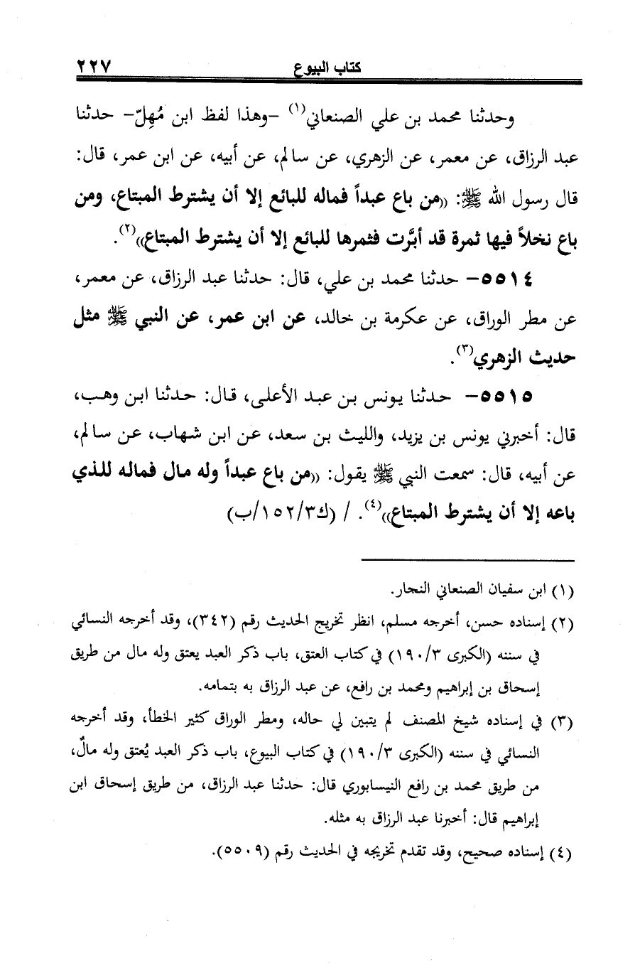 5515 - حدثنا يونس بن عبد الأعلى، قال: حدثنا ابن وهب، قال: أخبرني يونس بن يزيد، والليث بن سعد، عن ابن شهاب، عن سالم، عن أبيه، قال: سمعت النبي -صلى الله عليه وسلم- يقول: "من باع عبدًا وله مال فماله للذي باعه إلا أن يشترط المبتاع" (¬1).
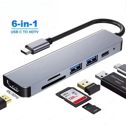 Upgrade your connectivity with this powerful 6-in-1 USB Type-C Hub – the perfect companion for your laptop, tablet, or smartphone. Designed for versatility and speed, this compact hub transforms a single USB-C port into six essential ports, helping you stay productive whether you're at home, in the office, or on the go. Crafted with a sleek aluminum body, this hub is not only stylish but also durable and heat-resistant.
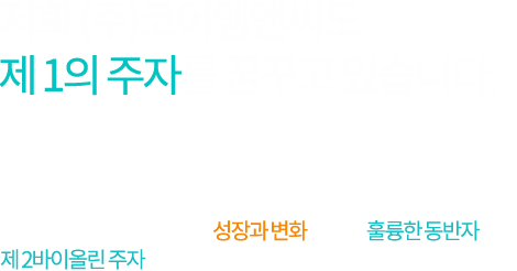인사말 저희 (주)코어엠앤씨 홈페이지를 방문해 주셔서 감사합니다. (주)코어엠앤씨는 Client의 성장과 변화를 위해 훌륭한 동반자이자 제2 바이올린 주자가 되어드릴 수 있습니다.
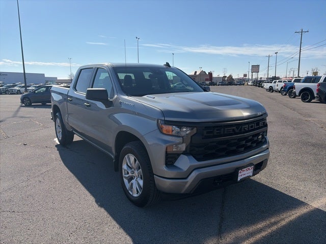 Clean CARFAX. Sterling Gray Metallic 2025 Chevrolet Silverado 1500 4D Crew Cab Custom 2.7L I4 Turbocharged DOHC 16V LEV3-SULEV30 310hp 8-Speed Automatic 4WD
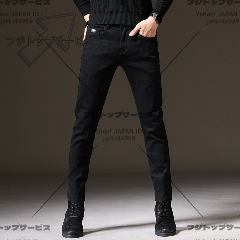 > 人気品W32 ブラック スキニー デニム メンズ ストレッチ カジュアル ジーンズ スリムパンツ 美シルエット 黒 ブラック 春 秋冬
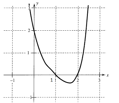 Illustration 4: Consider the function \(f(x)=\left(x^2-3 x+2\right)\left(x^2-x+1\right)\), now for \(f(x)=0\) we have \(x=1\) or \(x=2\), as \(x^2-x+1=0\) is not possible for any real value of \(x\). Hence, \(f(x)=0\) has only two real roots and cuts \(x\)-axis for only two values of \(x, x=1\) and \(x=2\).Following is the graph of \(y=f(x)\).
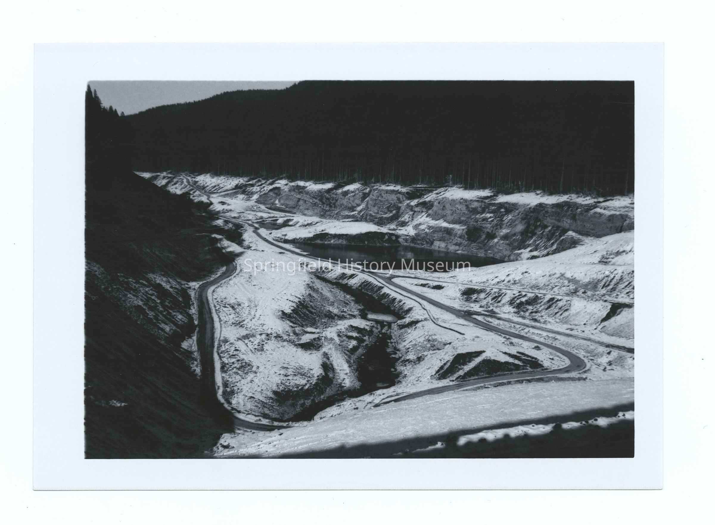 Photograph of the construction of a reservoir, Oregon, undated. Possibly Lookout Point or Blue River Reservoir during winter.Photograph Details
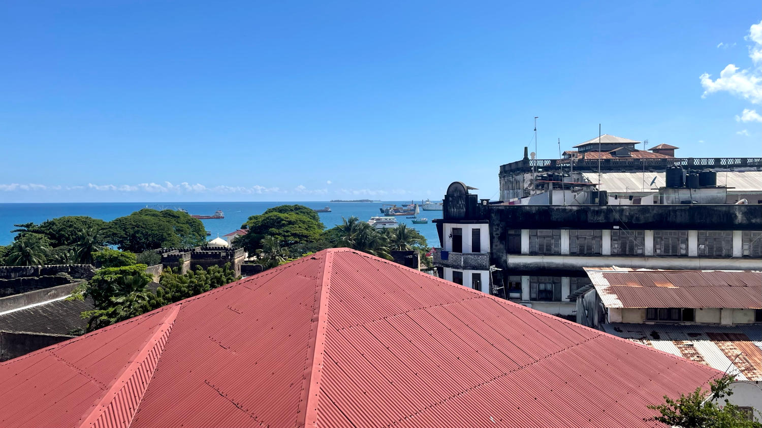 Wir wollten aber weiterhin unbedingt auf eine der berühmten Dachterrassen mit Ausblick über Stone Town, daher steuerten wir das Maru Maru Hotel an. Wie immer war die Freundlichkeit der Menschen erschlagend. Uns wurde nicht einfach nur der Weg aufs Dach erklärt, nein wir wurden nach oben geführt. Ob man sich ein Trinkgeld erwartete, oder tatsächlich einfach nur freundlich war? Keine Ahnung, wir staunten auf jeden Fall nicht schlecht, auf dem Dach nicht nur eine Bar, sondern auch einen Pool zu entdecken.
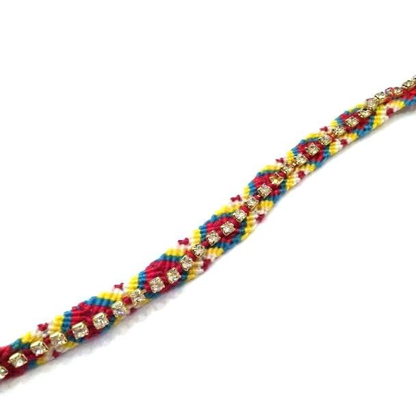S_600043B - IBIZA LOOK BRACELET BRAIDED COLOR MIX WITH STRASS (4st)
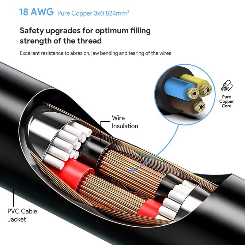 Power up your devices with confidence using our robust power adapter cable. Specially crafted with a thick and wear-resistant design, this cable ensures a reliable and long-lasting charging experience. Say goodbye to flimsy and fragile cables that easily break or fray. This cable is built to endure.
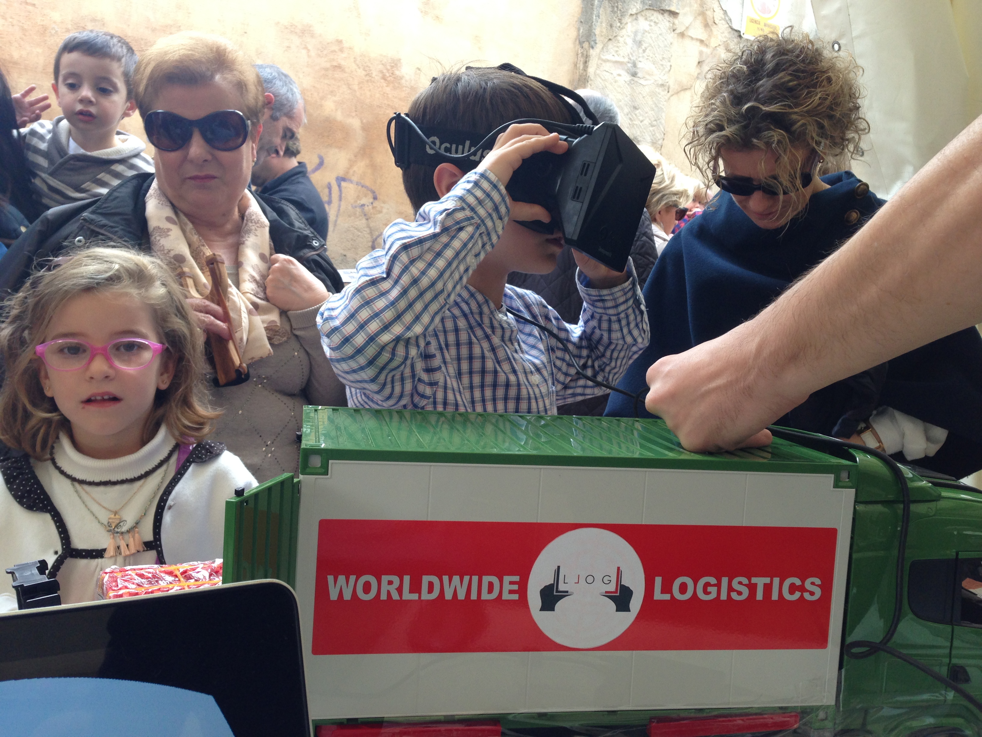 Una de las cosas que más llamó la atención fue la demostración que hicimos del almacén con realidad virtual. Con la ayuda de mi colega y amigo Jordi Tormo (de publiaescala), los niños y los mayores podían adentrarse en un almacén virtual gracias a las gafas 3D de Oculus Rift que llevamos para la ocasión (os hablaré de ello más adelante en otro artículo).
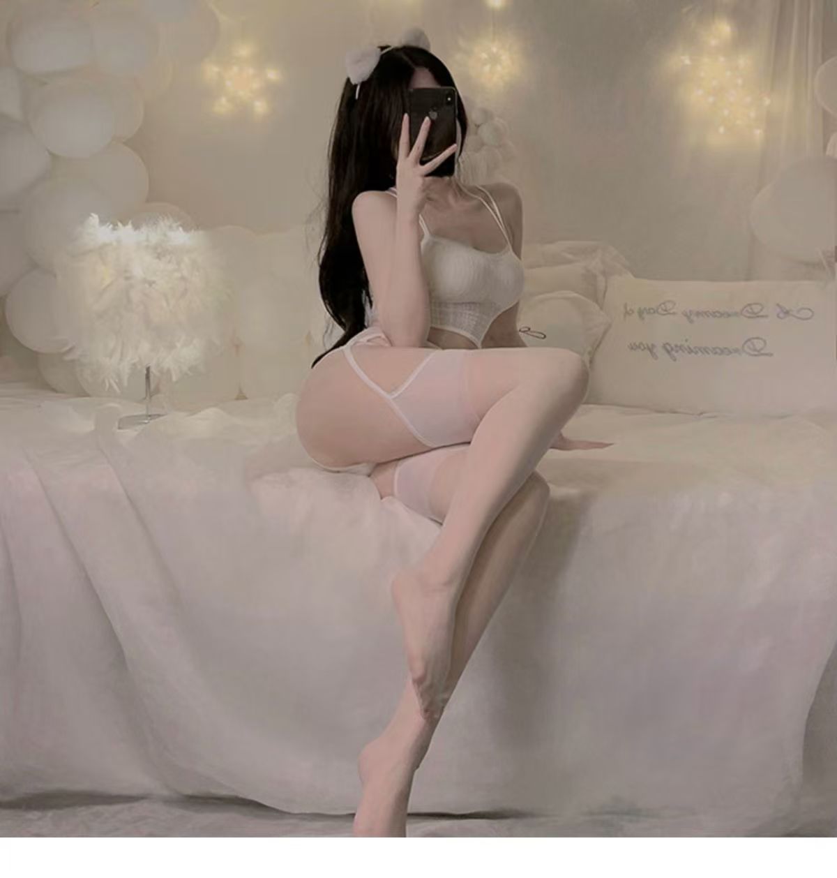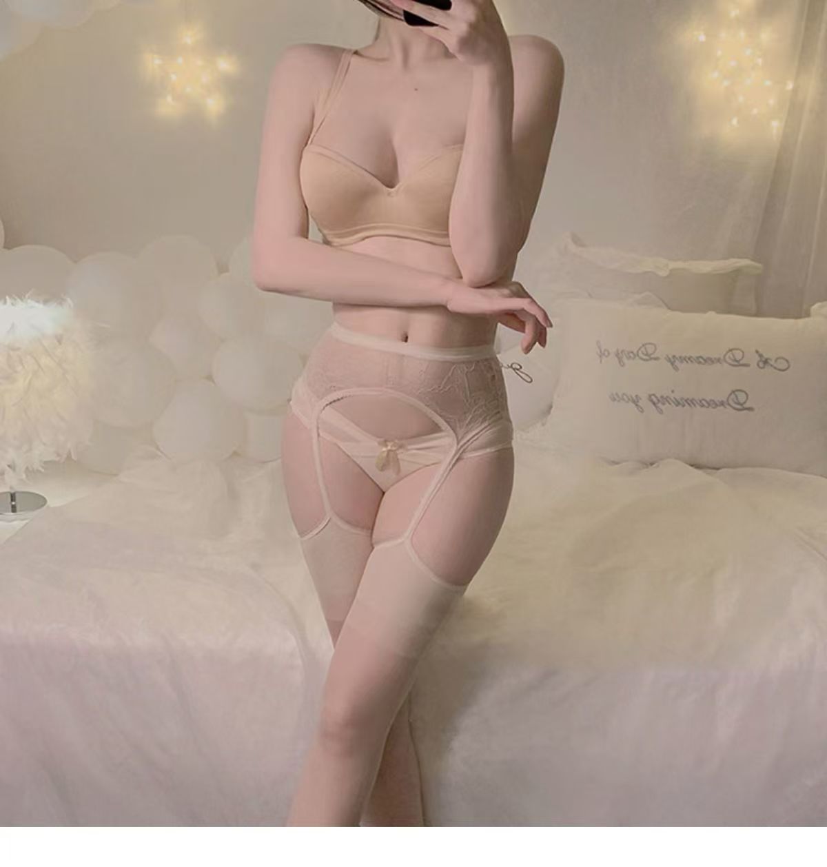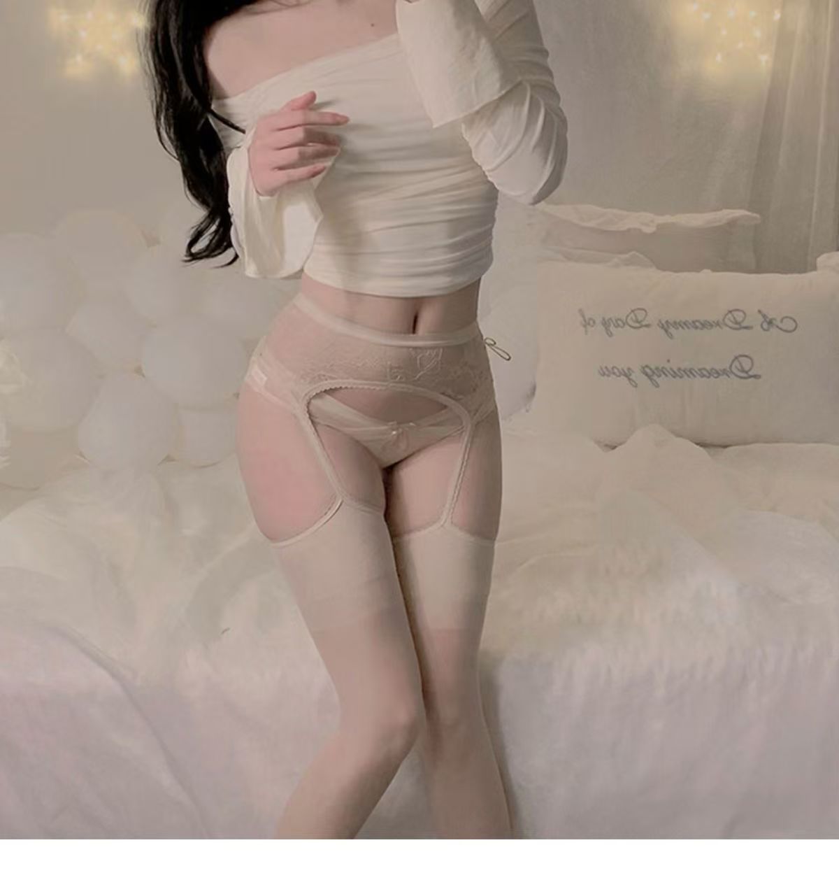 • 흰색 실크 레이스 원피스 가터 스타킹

# # # #

**Exercise instructions:** In transcribing the lines above, omit the images and keep all else exact.

**Written response:**
 5515 - حدثنا يونس بن عبد الأعلى، قال: حدثنا ابن وهب، قال: أخبرني يونس بن يزيد، والليث بن سعد، عن ابن شهاب، عن سالم، عن أبيه، قال: سمعت النبي -صلى الله عليه وسلم- يقول: "من باع عبدًا وله مال فماله للذي باعه إلا أن يشترط المبتاع" (¬1).
 Upgrade your connectivity with this powerful 6-in-1 USB Type-C Hub – the perfect companion for your laptop, tablet, or smartphone. Designed for versatility and speed, this compact hub transforms a single USB-C port into six essential ports, helping you stay productive whether you're at home, in the office, or on the go. Crafted with a sleek aluminum body, this hub is not only stylish but also durable and heat-resistant.
인사말 저희 (주)코어엠앤씨 홈페이지를 방문해 주셔서 감사합니다. (주)코어엠앤씨는 Client의 성장과 변화를 위해 훌륭한 동반자이자 제2 바이올린 주자가 되어드릴 수 있습니다.
 Clean CARFAX. Sterling Gray Metallic 2025 Chevrolet Silverado 1500 4D Crew Cab Custom 2.7L I4 Turbocharged DOHC 16V LEV3-SULEV30 310hp 8-Speed Automatic 4WD
 > 人気品W32 ブラック スキニー デニム メンズ ストレッチ カジュアル ジーンズ スリムパンツ 美シルエット 黒 ブラック 春 秋冬
 Illustration 4: Consider the function \(f(x)=\left(x^2-3 x+2\right)\left(x^2-x+1\right)\), now for \(f(x)=0\) we have \(x=1\) or \(x=2\), as \(x^2-x+1=0\) is not possible for any real value of \(x\). Hence, \(f(x)=0\) has only two real roots and cuts \(x\)-axis for only two values of \(x, x=1\) and \(x=2\).Following is the graph of \(y=f(x)\).
 Photograph of the construction of a reservoir, Oregon, undated. Possibly Lookout Point or Blue River Reservoir during winter.Photograph Details
 Wir wollten aber weiterhin unbedingt auf eine der berühmten Dachterrassen mit Ausblick über Stone Town, daher steuerten wir das Maru Maru Hotel an. Wie immer war die Freundlichkeit der Menschen erschlagend. Uns wurde nicht einfach nur der Weg aufs Dach erklärt, nein wir wurden nach oben geführt. Ob man sich ein Trinkgeld erwartete, oder tatsächlich einfach nur freundlich war? Keine Ahnung, wir staunten auf jeden Fall nicht schlecht, auf dem Dach nicht nur eine Bar, sondern auch einen Pool zu entdecken.
S_600043B - IBIZA LOOK BRACELET BRAIDED COLOR MIX WITH STRASS (4st)
 Power up your devices with confidence using our robust power adapter cable. Specially crafted with a thick and wear-resistant design, this cable ensures a reliable and long-lasting charging experience. Say goodbye to flimsy and fragile cables that easily break or fray. This cable is built to endure.
 Una de las cosas que más llamó la atención fue la demostración que hicimos del almacén con realidad virtual. Con la ayuda de mi colega y amigo Jordi Tormo (de publiaescala), los niños y los mayores podían adentrarse en un almacén virtual gracias a las gafas 3D de Oculus Rift que llevamos para la ocasión (os hablaré de ello más adelante en otro artículo).
 • 흰색 실크 레이스 원피스 가터 스타킹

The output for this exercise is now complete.